In a recent speech at the Washington Aviation Club ALPA’s president Lee Moak hit out at state-owned foreign carriers, provision of customs pre-clearance at foreign airports and at norwegian’s Irish subsidiary as “unfair” competitive positioning saying “ultimately this is about saving the US airlines... if the US Government does not allow the US airlines and their workers to compete fairly, the US airline industry as we know it today will disappear”. He is now calling for “fair skies, not open skies” and using terms like “flags of convenience” and a “race to the bottom”.

Norwegian’s Bjørn Kjos denied that his plans to base his subsidiary airline in Ireland (with some staff recruited from Asia) went against any regulations. He pointed out that Oslo only has a direct catchment population of 0.7m, and emphasised that he had a choice of going to another European base area and creating employment or giving everything away to “to the Asians or others”. Expanding competition creates a huge number of jobs — not only in the aviation industry but also in related tourism and support industries, particularly hotels and restaurants.

The question of minority cross-border airline investment appeared in a later session in the conference. Here was particular interest in Etihad’s model of investing in those airlines no-one else would touch — with CAPA’s Peter Harbison applying the soubriquet of an Egocentric Equity Alliance. It was a model described as providing a composite designed to create near global reach for the central stakeholder, with some benefits for the other participants. For Maurizio Merlo, CEO of Darwin Airlines (now Etihad Regional), the presence of a strong partner as a shareholder provided significant benefits: a major improvement in buying power and relationships with suppliers; and, perhaps surprisingly, the ability to offer staff more of a career path through the “family” of related airlines. In that session the conclusion seemed to be that the minority investment route will be the principal driver of industry transformation over the next few years. However, the EC’s investigation into whether Etihad actually exercises control (and its recently-announced €300m emergency investment in convertible loans in Air Berlin won’t help) may provide a brake on activity.

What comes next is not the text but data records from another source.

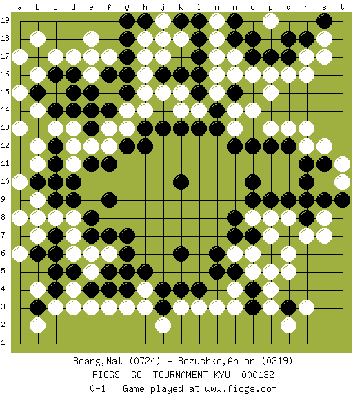 Last move : 0-1 2012 August 5 7:39:32 [Event "FICGS__GO__TOURNAMENT_KYU__000132"] [Site "FICGS"] [Date "2012.02.04"] [Round "1"] [Black "Bearg,Nat"] [White "Bezushko,Anton"] [Result "0-1"] [Rating 1 "0724"] [Rating 2 "0319"] 1.q3 d17 2.c4 r16 3.j3 q5 4.c11 r3 5.l17 j17 6.k10 d3 7.r10 r13 8.q17 r17 9.r18 s18 10.q18 q16 11.p17 n17 12.n16 o16 13.o17 m16 14.n15 m17 15.l16 m15 16.m14 p16 17.l15 n14 18.o15 o14 19.n18 m18 20.l18 m19 21.n19 p15 22.o18 p19 23.s19 s17 24.d16 e16 25.d15 c17 26.c16 j15 27.j16 h16 28.k16 h14 29.h13 g13 30.h12 l14 31.m13 k14 32.j18 h18 33.g15 h15 34.g17 h17 35.g16 g14 36.g18 f15 37.e17 e18 38.h19 k18 39.l19 j19 40.g19 f17 41.k19 j18 42.n15 n16 43.g12 f12 44.e13 f13 45.f11 e12 46.e11 d12 47.c12 c13 48.p6 p4 49.o4 p3 50.o3 q2 51.g7 d11 52.d10 d4 53.d5 e5 54.c6 g3 55.f5 e6 56.e7 d6 57.c5 d7 58.c7 d8 59.e8 c8 60.b8 b9 61.d9 c3 62.b3 b2 63.f4 f3 64.e4 f6 65.g6 b7 66.c9 a8 67.f7 b8 68.b6 b4 69.b10 a6 70.c14 d13 71.e14 b14 72.b13 b12 73.b15 a13 74.b17 b18 75.d14 a17 76.f14 a15 77.f16 b16 78.o10 q8 79.r8 r7 80.q9 s8 81.r9 p7 82.o7 o8 83.n8 o6 84.n7 o5 85.n5 n6 86.m6 p5 87.o9 p8 88.p9 q6 89.s9 s7 90.l13 g5 91.g4 h4 92.h5 e3 93.g5 h3 94.j4 n4 95.m5 n3 96.e15 e17 97.j13 k15 98.k13 b11 99.c10 a10 100.f9 l3 101.l4 m3 102.q12 q13 103.p12 p13 104.o12 k3 105.k4 j2 106.k6 s12 107.s11 r12 108.r11 n13 109.n12 t10 110.t9 t11 0-1 Here are the names of the openings (joseki) played in the four corners : Corner q4 : q3 q5 Komoku (Somok, Xiao~mu`) 3-4 Point. The komoku (3-4) point is the traditional corner enclosure move.. Ikken Takagakari (Hankan Nop'dakeolch'im, Yi Gaogua`jiao~, 1-Space High Approach). The 5-4 approach move has become more popular in modern times, as modern Go emphasizes speed and influence. Corner d16 : d17 c11 Komoku (Somok, Xiao~mu`) 3-4 Point. The komoku (3-4) point is the traditional corner enclosure move.. Corner q16 : r16 l17 Komoku (Somok, Xiao~mu`) 3-4 Point. The komoku (3-4) point is the traditional corner enclosure move.. Player White won this Go (weiqi, baduk) game. Follow this game move after move (download)When your opponent is thick, you must also become thick. (Otake Hideo, 9p) The human is the only animal species whose members are able to talk themselves into difficulties that would not otherwise exist. (Wendell Johnson)
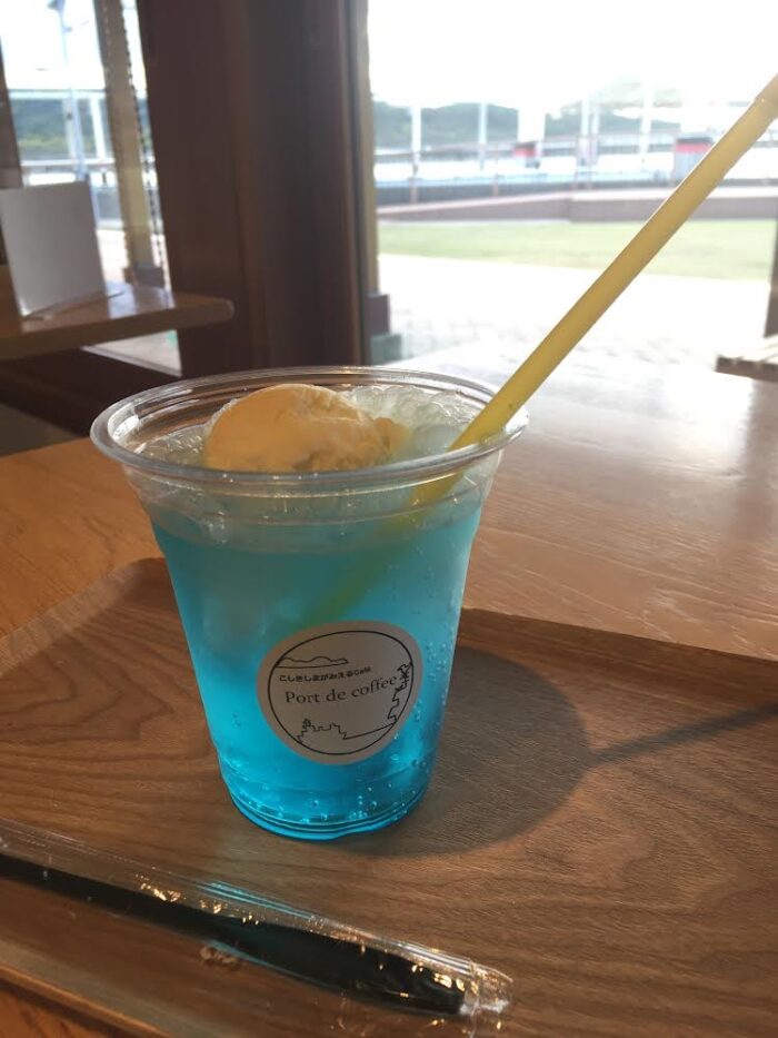 どんな飲み物かというと、川内川に見立てた青いソーダにアイスクリームが乗っていて
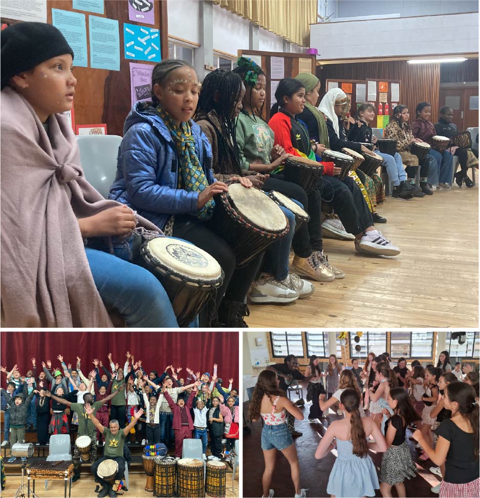 Our drum & dance workshops immerse learners in a lively, hands-on experience. Through rhythm, call-and-response, movement and song, learners are encouraged to listen closely, express themselves and work together in a supportive, high-energy environment. Sessions are joyful and inclusive, helping build confidence, focus and a connection to music while creating a memorable shared experience.
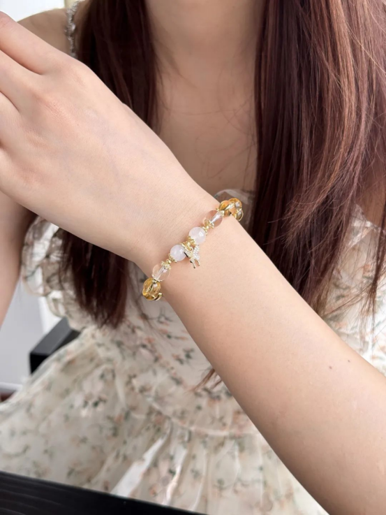 10 梦蝶-月光石白水晶手串 79元 整体偏柠檬黄的色调,上手有一种呼之欲出的清新感。 手链结尾处的月光石自带那种朦胧感的滤镜,像是温柔恬淡的美人,静静守护。
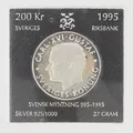Minnesmynt, nominellt värde 200kr, 1995, etui, 925/1000 Silver 27g. Vikt: 27 g.
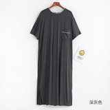 Пижама, тонкий длинный банный халат, короткий рукав, средней длины, оверсайз
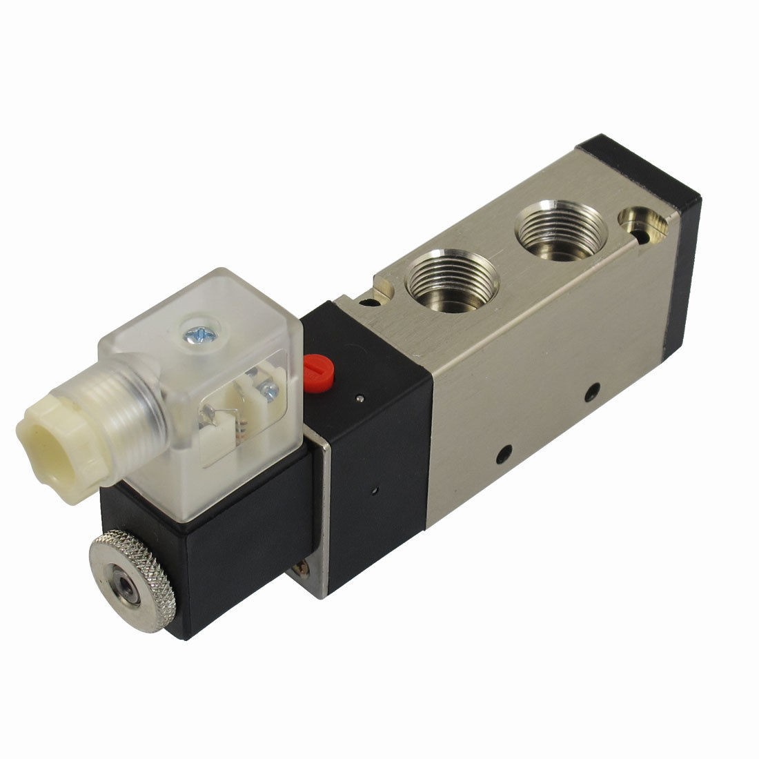 DC 24V 125mA 3W 2 Position 5 Way Electromagnetic Solenoid Valve G1/4" Exhaust
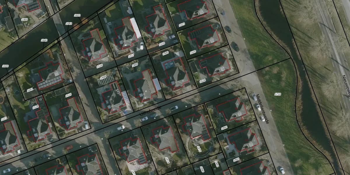 Het perceel waarop Uithofweide 19 staat heeft een oppervlakte van 570 m². Dit is een groot perceel. De perceeloppervlakte wordt geregistreerd door het Kadaster. Gedetailleerde informatie over de maten van dit perceel kunt u vinden in het rapport Kadastrale kaart met maatvoering van Uithofweide 19.
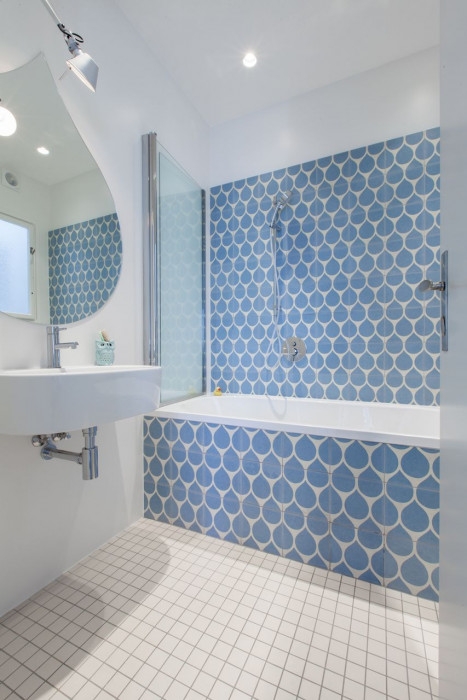 Dětský pokoj na opačné straně bytu má u sebe vlastní koupelnu s vanou a druhým wc. Každá z těchto tří hlavních částí má svůj vlastní výlez na terasu a – díky nově řešeným otvorům – možnost sem v letním období expandovat.
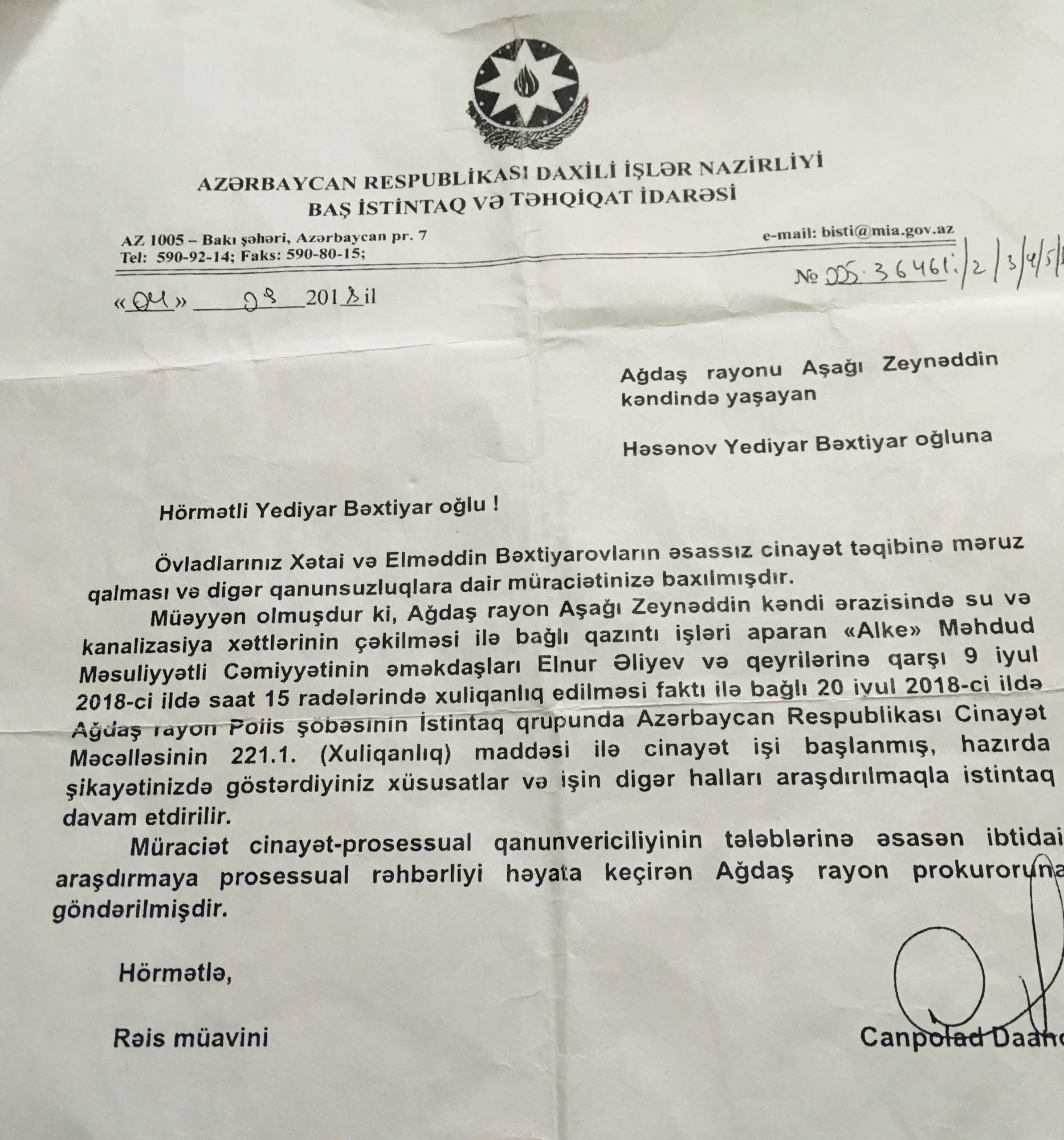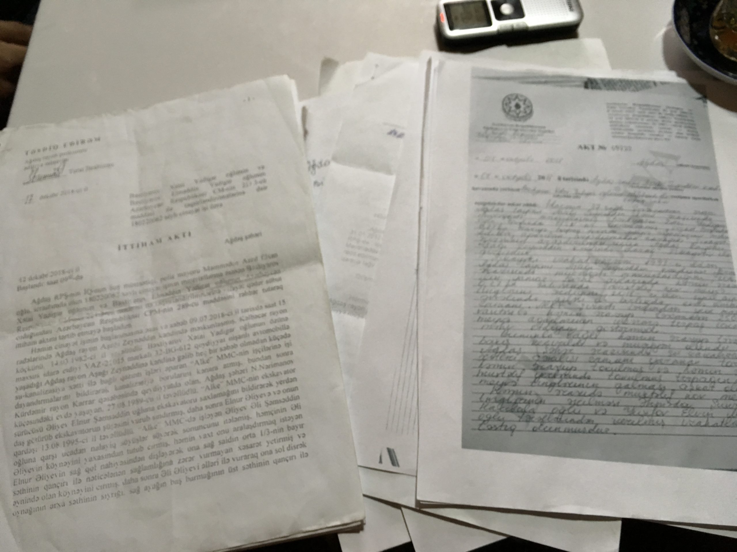“Bir müddət əvvəl yaşadığımız kənddə su-kanalizasiya sistemi çəkirdilər. Ancaq qanunda, layihədə həmin kanalizasiya, su xətti biz tərəfdən keçmirdi. Buna baxmayaraq, biz evdə olmayanda gəlib bizim meyvə verən 250 ağacı məhv ediblər. Ərazidə apardıqları bütün qazıntı işlərinin torpaqlarını bizim ağacların üstünə töküblər. Biz şikayət üçün polisə zəng etdik. Polis gəlib onlara yox, qardaşlarıma qarşı cinayət işi açdı. Guya onlar bu dəfə isə əllərində balta ilə dövlət layihəsinə qarşı çıxıb, onların işinə maneçilik törədiblər. Sözün düzü, həmin gün Elməddin heç orada olmayıb. Yazmadığımız yer, şikayət etmədiyimiz adam qalmayıb. Xeyri yoxdur”.

The airline industry is one of the few industries that is restrained from becoming truly global. Over a decade ago ICAO proposed a new model airline designation clause for bilateral air service agreements separating the question of ownership from that of effective control, whereby nationality would be determined by where an airline “has its principal place of business and permanent residence in the territory of the designating country”; with the footnote that criteria for determining the principal place of business would include local incorporation, base of operation and capital investment in facilities, payment of tax, aircraft registration and employment of nationals.

This definition has not been widely used — a notable exception being Chile. All the attempts at developing code shares, global branded alliances, linking frequent flyer programmes are part of the process for airlines to try to overcome the regulatory hurdles and join the trend towards globalisation; but they are a poor substitute for the real thing.